### [RECORDED DATA]
○ ○ ○ ○ ○ ○ ○
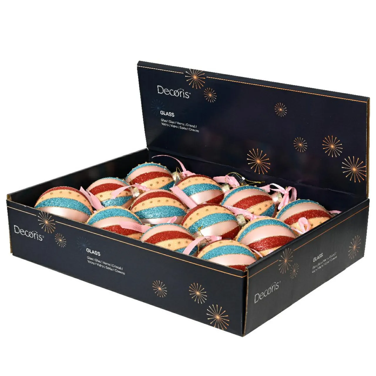 Informations complémentaires : vendu en lot de 12. chaque boule est munie d’une suspension comprise, avec une attache de couleur or.
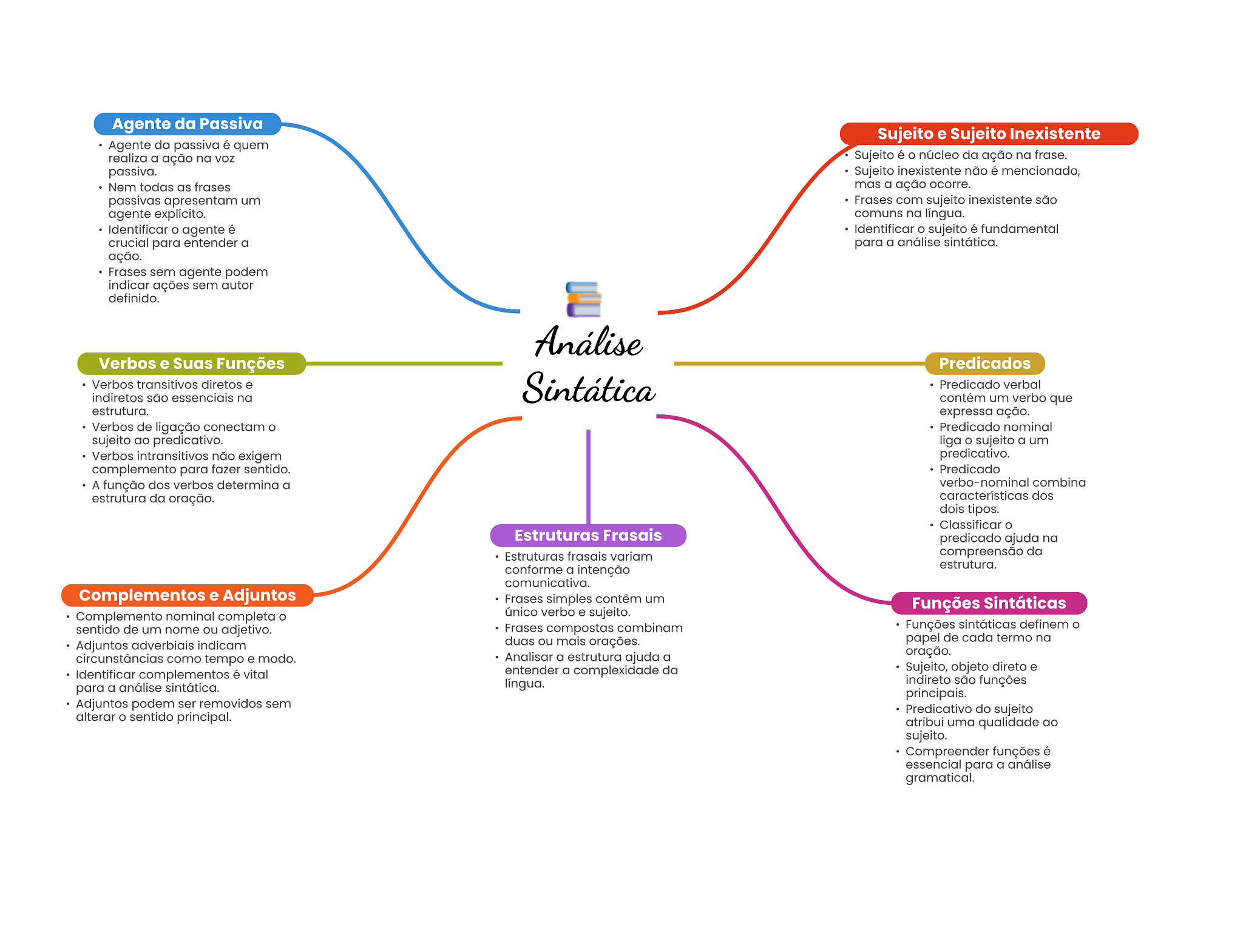 Agente da Passiva Sujeito e Sujeito Inexistente Agente da passiva é quem realiza a ação na Sujeito é o núcleo da ação na frase. passiva. Sujeito inexistente não é mencionado, Nem todas as frases mas a ação ocorre. passivas apresentam um Frases com sujeito inexistente são agente explícito. comuns na língua. Identificar agente é Identificar sujeito é fundamental crucial para entender a para a análise sintática. ação. Frases sem agente podem indicar ações sem autor definido. Análise Verbos e Suas Funções Predicados Verbos transitivos diretos e Sintática Predicado verbal indiretos são essenciais na contém um verbo que estrutura. expressa ação. Verbos de ligação conectam Predicado nominal sujeito ao predicativo. liga sujeito a um Verbos intransitivos não exigem predicativo. complemento para fazer sentido. Predicado A função dos verbos determina a verbo-nominal combina estrutura da oração. características dos dois tipos. Classificar O Estruturas Frasais predicado ajuda na Estruturas frasais variam compreensão da estrutura. conforme a intenção comunicativa. Complementos e Adjuntos Frases simples contêm um Complemento nominal completa único verbo e sujeito. Funções Sintáticas sentido de um nome ou adjetivo. Frases compostas combinam Funções sintáticas definem Adjuntos adverbiais indicam duas ou mais orações. papel de cada termo na Analisar a estrutura ajuda a oração. circunstâncias como tempo e modo. entender a complexidade da Sujeito, objeto direto e Identificar complementos é vital língua. indireto são funções para a análise sintática. principais. Adjuntos podem ser removidos sem Predicativo do sujeito alterar sentido principal. atribui uma qualidade ao sujeito. Compreender funções é essencial para a análise gramatical.
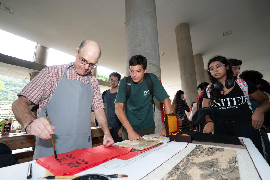 4月18日,在巴西里约热内卢举行的联合国中文日活动上,巴西学生观看中国书法展示。新华社记者 王天聪 摄
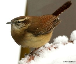 A more muted bird, but lovely nonetheless, is the Northern mockingbird (Mimus polyglottus). When I saw this individual in late December, I was thinking that it must be difficult for them to find food as the vegetation shrivels and insects are in hiding. At that moment, the bird dropped to the ground and was foraging – coming up with a bug to prove that they still could find sustenance in the cold temperatures!
○ ○ ○ ○ ○ ○ ○
### [THE PROBLEM]
Your answer must be the full listing, reproduced word for word, without its pictures.

### [RESULT OF THE TASK]
 Informations complémentaires : vendu en lot de 12. chaque boule est munie d’une suspension comprise, avec une attache de couleur or.
 Agente da Passiva Sujeito e Sujeito Inexistente Agente da passiva é quem realiza a ação na Sujeito é o núcleo da ação na frase. passiva. Sujeito inexistente não é mencionado, Nem todas as frases mas a ação ocorre. passivas apresentam um Frases com sujeito inexistente são agente explícito. comuns na língua. Identificar agente é Identificar sujeito é fundamental crucial para entender a para a análise sintática. ação. Frases sem agente podem indicar ações sem autor definido. Análise Verbos e Suas Funções Predicados Verbos transitivos diretos e Sintática Predicado verbal indiretos são essenciais na contém um verbo que estrutura. expressa ação. Verbos de ligação conectam Predicado nominal sujeito ao predicativo. liga sujeito a um Verbos intransitivos não exigem predicativo. complemento para fazer sentido. Predicado A função dos verbos determina a verbo-nominal combina estrutura da oração. características dos dois tipos. Classificar O Estruturas Frasais predicado ajuda na Estruturas frasais variam compreensão da estrutura. conforme a intenção comunicativa. Complementos e Adjuntos Frases simples contêm um Complemento nominal completa único verbo e sujeito. Funções Sintáticas sentido de um nome ou adjetivo. Frases compostas combinam Funções sintáticas definem Adjuntos adverbiais indicam duas ou mais orações. papel de cada termo na Analisar a estrutura ajuda a oração. circunstâncias como tempo e modo. entender a complexidade da Sujeito, objeto direto e Identificar complementos é vital língua. indireto são funções para a análise sintática. principais. Adjuntos podem ser removidos sem Predicativo do sujeito alterar sentido principal. atribui uma qualidade ao sujeito. Compreender funções é essencial para a análise gramatical.
 4月18日,在巴西里约热内卢举行的联合国中文日活动上,巴西学生观看中国书法展示。新华社记者 王天聪 摄
 A more muted bird, but lovely nonetheless, is the Northern mockingbird (Mimus polyglottus). When I saw this individual in late December, I was thinking that it must be difficult for them to find food as the vegetation shrivels and insects are in hiding. At that moment, the bird dropped to the ground and was foraging – coming up with a bug to prove that they still could find sustenance in the cold temperatures!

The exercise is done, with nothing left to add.